Il team ha prima di tutto creato 63 nidi “trappola” attorno a dei campi coltivati: si tratta di strutture, che comprendono tubi lunghi e cavi simili alle buche che le api prediligono per costruire i loro nidi, sulle quali api solitarie possono decidere di stabilire una nuova colonia. Le api, solitamente, una volta scelto il luogo, rivestono le cavità con svariati materiali che si procurano nei dintorni: parliamo di fango, foglie, pietre, petali e resina. Con questi “ingredienti”, finiscono per realizzare un’arnia accogliente nelle cavità in cui vogliono insediarsi, arnia che è organizzata in celle di covata separate disposte lungo la lunghezza del nido. Ogni cella contiene una larva di api in crescita.
Il gruppo di scienziati ha agito durante la primavera e l’estate del 2017 e del 2018, controllando mensilmente la situazione delle “trappole” alla ricerca di segni dell’attività delle api. Complessivamente, gli insetti hanno stabilito solo 3 nidi: due sono stati costruiti con fango e petali, e hanno portato a cinque api adulte sane che sono emerse da loro. Il terzo, però, aveva caratteristiche molto insolite.
Quest’ultimo nido, infatti, aveva tre celle interamente costruite in plastica, tagliate con cura in forme oblunghe e ovali dalle api, e disposte in modo sovrapponibile.
Le prime due celle erano costruite con una sottile plastica azzurra, simile a quella con cui spesso si fabbricano le buste.

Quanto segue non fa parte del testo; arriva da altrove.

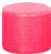
NS1501RO Pufa piankowa 32 cm. Różowa.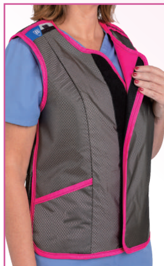
プリンセスベスト

ユニセックスベストに比べ脇の開きが少なくなり、乳がん等の原因になる脇からの被ばくから防護します。 また、重量バランスを考え、前面の余分な重なり部分を減らし、肩や腰にかかる負担を軽減しています。 ギャザーベルトにより身体にフィットする着心地を実現した女性の為のデザインです。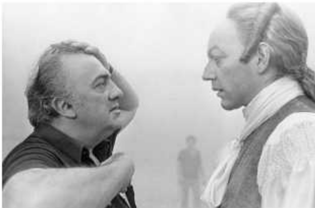
Federico Fellini et Donald Sutherland sur le tournage du Casanova de Fellini, 1976.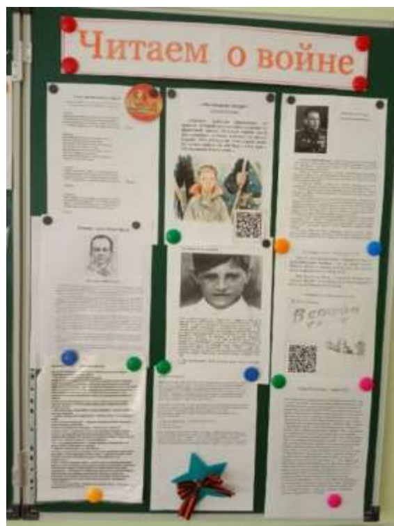
Рис.3. Стенд на конец апреля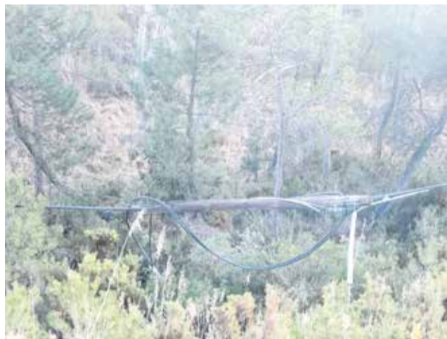
Paso de la fibra de Telefónica por Chera.

Desde el ayuntamiento de Chera no se esconde el ma-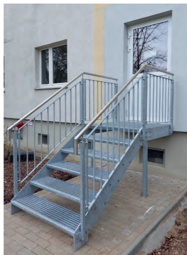
Montage der Treppen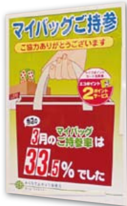
マイバッグ持参率推移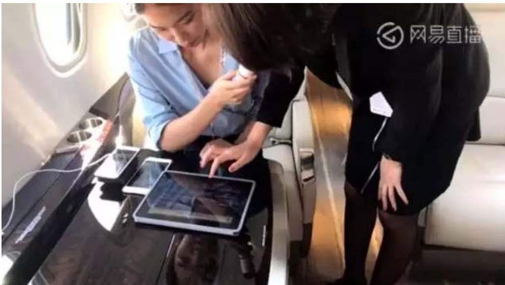
网易主播亲身体验先进机上娱乐系统

11月3日，德事隆航空大中华及蒙古地区国际销售副总裁吴景奎同时受邀出席澳门公务航空发展论坛，并以「粤港澳大湾区，水上飞机发展新高地」为主题发表演讲。

La terza cella era composta con una plastica bianca più spessa.
«Tra le tre celle», scrivono i ricercatori nel loro articolo pubblicato sulla rivista Apidologie, «una conteneva una larva morta, dall’altra l’adulto sembrava essere emerso dal nido e la terza cella non era finita». Quindi, una larva era morta e l’altra era diventata adulto: un risultato che indica che la plastica potrebbe non essere la scelta migliore per il materiale da usare per la costruzione (ma potrebbe anche non essere la scelta peggiore).
Il team non è stato in grado di identificare la specie di ape che aveva costruito il nido, ma sussiste l’ipotesi che si sia trattato della Megachile rotundata.
Questa specie europea, introdotta in America negli anni ’50, era stata già vista nel sito di studio e ha uno stile di vita che ben si adatta alla situazione: quest’ape solitaria, infatti, suole tagliare le foglie per allineare i suoi nidi, e i frammenti di plastica trovati erano stati tagliati in modo molto simile.
Secondo gli scienziati, ciò che rende questo nuovo tipo di nido così sorprendente è che tutte le celle sono state costruite in plastica e si tratta del primo caso documentato in cui sono stati usati due diversi tipi di plastica.
L’uso di questo insolito materiale potrebbe in realtà non essere del tutto una cattiva notizia. Secondo i ricercatori, infatti, questo potrebbe attestare la grande flessibilità adattativa delle api, qualità che potrebbe permettere loro di stare al passo con i rapidi cambiamenti ambientali a cui stiamo andando incontro. «Quello che è messo in evidenza in questo studio – scrivono infatti i ricercatori – è la capacità di risposta delle api nella ricerca di materiali alternativi per la costruzione dei loro nidi, di fronte alle ‘interferenze’ umane».
In secondo luogo, però, questa situazione potrebbe voler dire che gli erbicidi usati nei campi stanno riducendo il numero di piante che le api scelgono di usare per i loro nidi.
Gli studiosi fanno comunque notare che, poiché l’ape in questo caso utilizza solo plastica (e non le foglie) potrebbe preferire questo materiale perché, forse, la plastica fornisce un vantaggio adattativo di cui non siamo a conoscenza, come avviene per alcuni uccelli che sfruttano i mozziconi di sigaretta per respingere i parassiti.